■ **WHAT THE TASK REQUIRES**
Print only the lines running from the line with "目前,中国明阳智慧能源集团股" to the final line below, both included, exactly as written and without the pictures.

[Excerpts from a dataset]
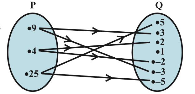 Example 8. The Fig 2.6 shows a relation between the sets P and Q. Write this relation (i) in set-builder form, (ii) in roster form. What is its domain and range?
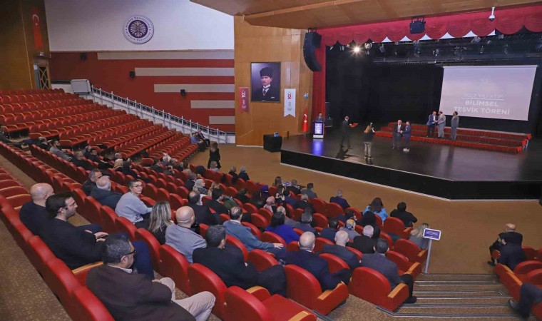 15 Temmuz Milli İrade Salonunda gerçekleşen törende, öğretim üyelerine ödüllerini takdim eden Prof. Dr. Çomaklı, bilime verdikleri katkı ve başarılarından dolayı akademisyenleri tebrik etti.
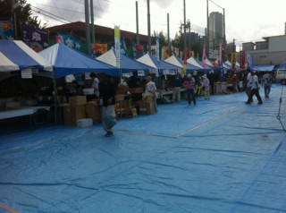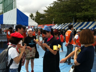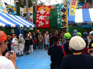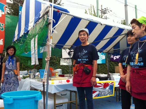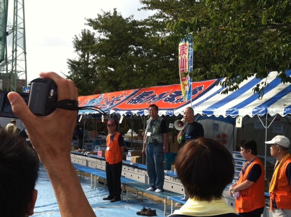 気仙沼AND目黒のおかみさんチームの 威勢のいい朝礼です。 まずはせい子さんのあいさつから。 「2年ぶりだねぇ」 とみなさん、うれしそう。
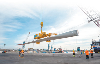 目前,中国明阳智慧能源集团股份公司(明阳智能)的海上风电设备正在意大利南部重要海港塔兰托港口安装。图为2022年1月27日,在意大利南部海港塔兰托,中国和意大利施工人员吊装风电叶片。
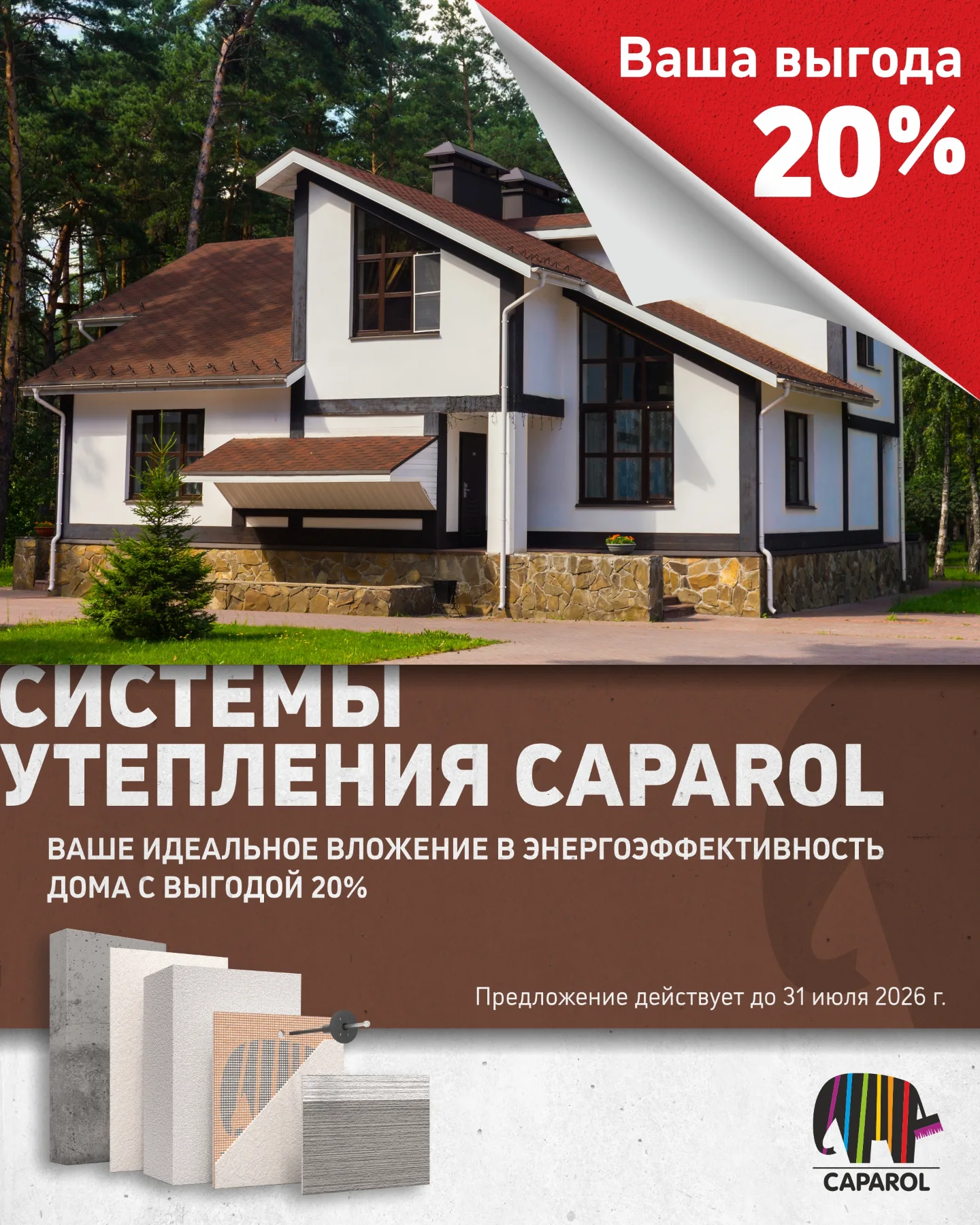 Выгодное предложение от Caparol! –20% на системы утепления фасадов. Предложение действует только до 31 июля – не упустите шанс сэкономить!

■ **WRITTEN SOLUTION**
 目前,中国明阳智慧能源集团股份公司(明阳智能)的海上风电设备正在意大利南部重要海港塔兰托港口安装。图为2022年1月27日,在意大利南部海港塔兰托,中国和意大利施工人员吊装风电叶片。
 Выгодное предложение от Caparol! –20% на системы утепления фасадов. Предложение действует только до 31 июля – не упустите шанс сэкономить!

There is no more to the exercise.